▶ **Items listed in a dataset**:
'''
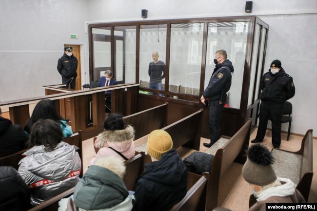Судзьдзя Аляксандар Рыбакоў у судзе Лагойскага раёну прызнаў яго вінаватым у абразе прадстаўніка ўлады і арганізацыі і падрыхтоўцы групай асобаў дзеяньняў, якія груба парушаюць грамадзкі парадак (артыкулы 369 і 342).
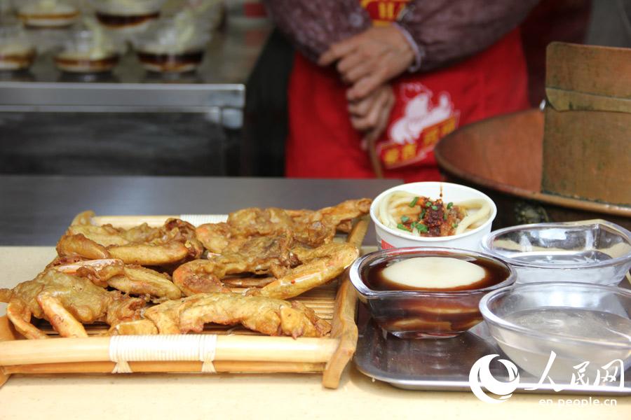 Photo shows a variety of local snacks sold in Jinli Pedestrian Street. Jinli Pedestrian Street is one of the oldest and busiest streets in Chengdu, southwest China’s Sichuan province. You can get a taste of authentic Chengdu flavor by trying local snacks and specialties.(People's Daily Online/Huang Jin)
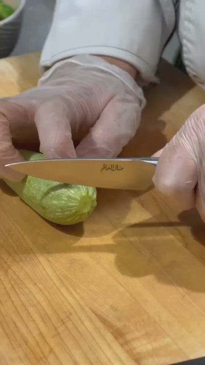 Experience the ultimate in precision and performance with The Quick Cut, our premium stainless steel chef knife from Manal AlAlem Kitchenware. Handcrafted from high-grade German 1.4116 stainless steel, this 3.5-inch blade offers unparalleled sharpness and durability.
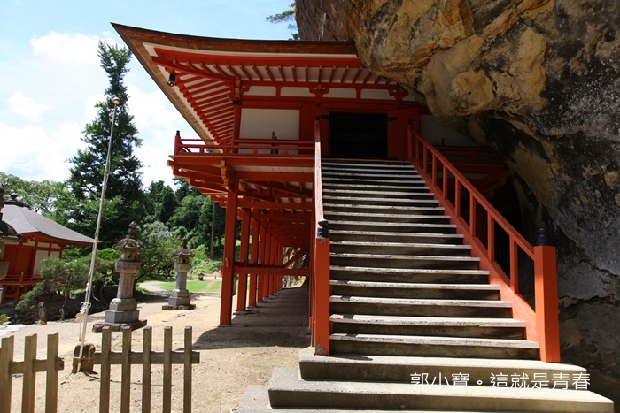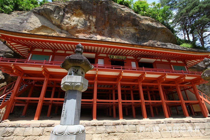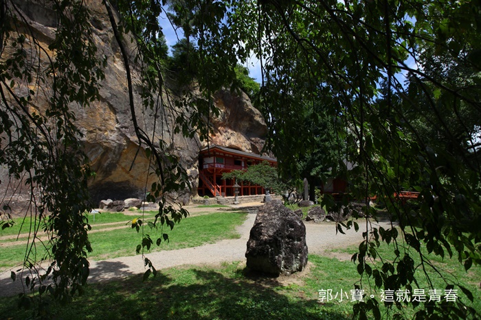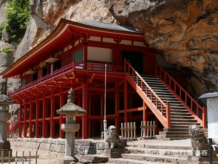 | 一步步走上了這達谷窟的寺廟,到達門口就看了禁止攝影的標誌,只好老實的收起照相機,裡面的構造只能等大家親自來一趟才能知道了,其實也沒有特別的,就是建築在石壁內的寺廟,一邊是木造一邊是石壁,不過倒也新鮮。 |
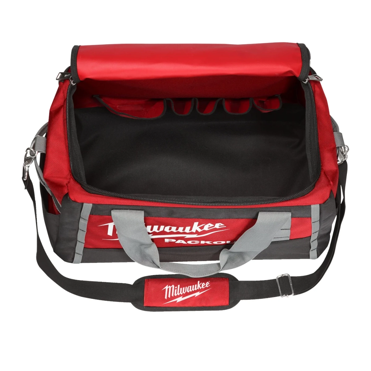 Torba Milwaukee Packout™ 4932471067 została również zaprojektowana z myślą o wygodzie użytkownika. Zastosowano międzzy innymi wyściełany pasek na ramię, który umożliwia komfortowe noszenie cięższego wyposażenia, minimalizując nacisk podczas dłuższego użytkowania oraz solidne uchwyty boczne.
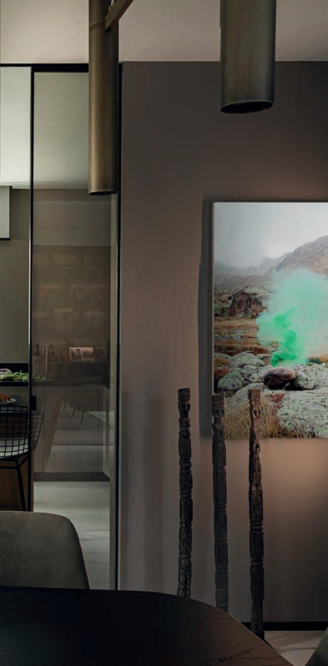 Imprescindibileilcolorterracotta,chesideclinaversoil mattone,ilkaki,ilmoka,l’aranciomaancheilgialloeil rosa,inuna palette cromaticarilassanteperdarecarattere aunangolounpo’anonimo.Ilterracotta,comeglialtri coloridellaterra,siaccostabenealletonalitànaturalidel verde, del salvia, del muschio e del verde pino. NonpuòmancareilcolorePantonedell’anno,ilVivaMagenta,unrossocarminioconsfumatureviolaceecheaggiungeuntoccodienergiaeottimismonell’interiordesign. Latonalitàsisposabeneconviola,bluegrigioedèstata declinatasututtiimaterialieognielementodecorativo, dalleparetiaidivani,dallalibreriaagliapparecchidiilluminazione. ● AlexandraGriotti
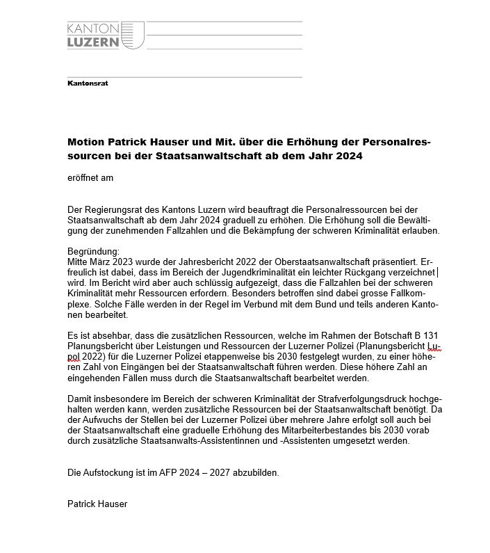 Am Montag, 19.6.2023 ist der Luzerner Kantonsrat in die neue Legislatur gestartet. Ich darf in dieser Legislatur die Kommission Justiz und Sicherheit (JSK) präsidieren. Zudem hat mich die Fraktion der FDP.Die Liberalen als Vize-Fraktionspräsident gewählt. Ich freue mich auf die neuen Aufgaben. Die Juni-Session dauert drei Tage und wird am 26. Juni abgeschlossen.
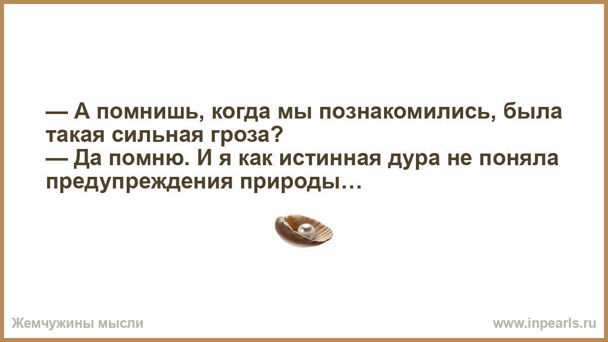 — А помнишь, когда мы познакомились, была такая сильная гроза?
'''
Repeat only the lines between the start of the data and the line with "Photo shows a", including those two lines, and skip the pictures.

Судзьдзя Аляксандар Рыбакоў у судзе Лагойскага раёну прызнаў яго вінаватым у абразе прадстаўніка ўлады і арганізацыі і падрыхтоўцы групай асобаў дзеяньняў, якія груба парушаюць грамадзкі парадак (артыкулы 369 і 342).
 Photo shows a variety of local snacks sold in Jinli Pedestrian Street. Jinli Pedestrian Street is one of the oldest and busiest streets in Chengdu, southwest China’s Sichuan province. You can get a taste of authentic Chengdu flavor by trying local snacks and specialties.(People's Daily Online/Huang Jin)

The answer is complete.